Ancak iman edip, salih amel işleyen, Allah’ı çokça zikreden ve kendilerine zulmedildikten sonra öçlerini alanlar müstesna. Zulmedenler de yakında nasıl bir yere devrileceklerini bileceklerdir.
الترجمة التركية - مركز رواد الترجمة
İman eden, salih ameller yapan ve çokça Allah’a zikreden, zulme uğradıkları zaman (şiirleri ile) savunan (şairler) hariç. Zalimler, hangi dönüşe (hangi akıbete) döndürüleceklerini yakında bileceklerdir.

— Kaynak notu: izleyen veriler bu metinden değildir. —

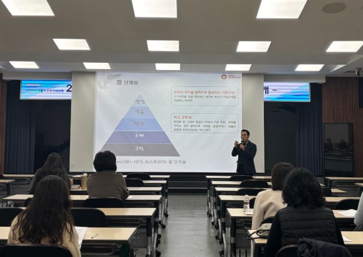 이번 특강은 헌법에 기반한 민주시민교육의 전문성을 강화하고 교원의 법적 이해도를 높이기 위해 마련된 것으로 헌법재판연구원 최성훈 교수가 ‘헌법재판의 이해’를 주제로 강의했다.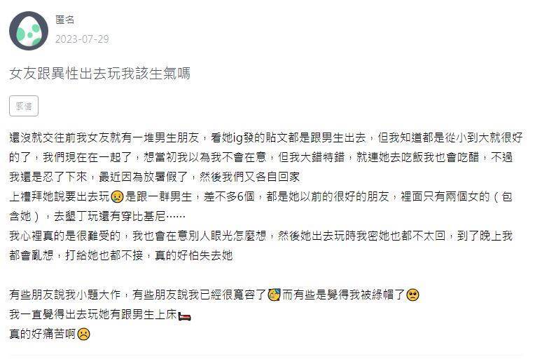 男網友在《Zuvio 校園》抱怨:「女友跟異性出去玩我該生氣嗎?」其實交往前,原PO已經知道女友常和「從小到大就很好的」男生友人出門,女友Instagram貼文也一堆男生朋友。本來以為自己肚裡能撐船,未料是原PO高估自己,只要女友跟異性出門,就算是吃飯他也會吃醋,「不過我還是忍了下來」。

الترجمة التركية - شعبان بريتش
Ancak iman edip salih ameller işleyenler, Allah’ı çok çok ananlar ve haksızlığa uğratıldıklarında kendilerini savunanlar başkadır. Haksızlık edenler, hangi dönüşe (hangi akıbete) döndürüleceklerini yakında bileceklerdir.
الترجمة التركية - مجمع الملك فهد
Ancak şairlerden iman edenler, salih ameller işleyenler ve Allah Teâlâ'yı çokça zikreden, Hassân bin Sabit -radyallahu anh- gibi kendisine zulmedildikten sonra Allah'ın düşmanlarından intikam alan/(şiir ile) onlara galip gelen şairler hariçtir. Allah'a şirk koşarak ve O'nun kullarına haksızlık ederek zulmedenler nereye döneceklerini bilecekler. Çok büyük bir yere ve ince bir hesaba dönecekler.
الترجمة التركية للمختصر في تفسير القرآن الكريم
إِلَّا ٱلَّذِينَ ءَامَنُواْ وَعَمِلُواْ ٱلصَّـٰلِحَٰتِ وَذَكَرُواْ ٱللَّهَ كَثِيرٗا وَٱنتَصَرُواْ مِنۢ بَعۡدِ مَا ظُلِمُواْۗ وَسَيَعۡلَمُ ٱلَّذِينَ ظَلَمُوٓاْ أَيَّ مُنقَلَبٖ يَنقَلِبُونَ
Ancak iman edip iyi ameller isleyenler, Allah'i çok çok ananlar ve haksizliga ugratildiklarinda kendilerini savunanlar müstesna; haksizlik edenler, hangi dönüse (hangi akibete) döndürüleceklerini yakinda bileceklerdir.
Turkish - Turkish translation
إِلَّا ٱلَّذِينَ ءَامَنُواْ وَعَمِلُواْ ٱلصَّـٰلِحَٰتِ وَذَكَرُواْ ٱللَّهَ كَثِيرٗا وَٱنتَصَرُواْ مِنۢ بَعۡدِ مَا ظُلِمُواْۗ وَسَيَعۡلَمُ ٱلَّذِينَ ظَلَمُوٓاْ أَيَّ مُنقَلَبٖ يَنقَلِبُونَ
Ancak inanıp yararlı iş işleyenler, Allah'ı çok çok ananlar ve haksızlığa uğratıldıklarında haklarını alanlar bunun dışındadır. Haksızlık eden kimseler nasıl bir yıkılışla yıkılacaklarını anlayacaklardır.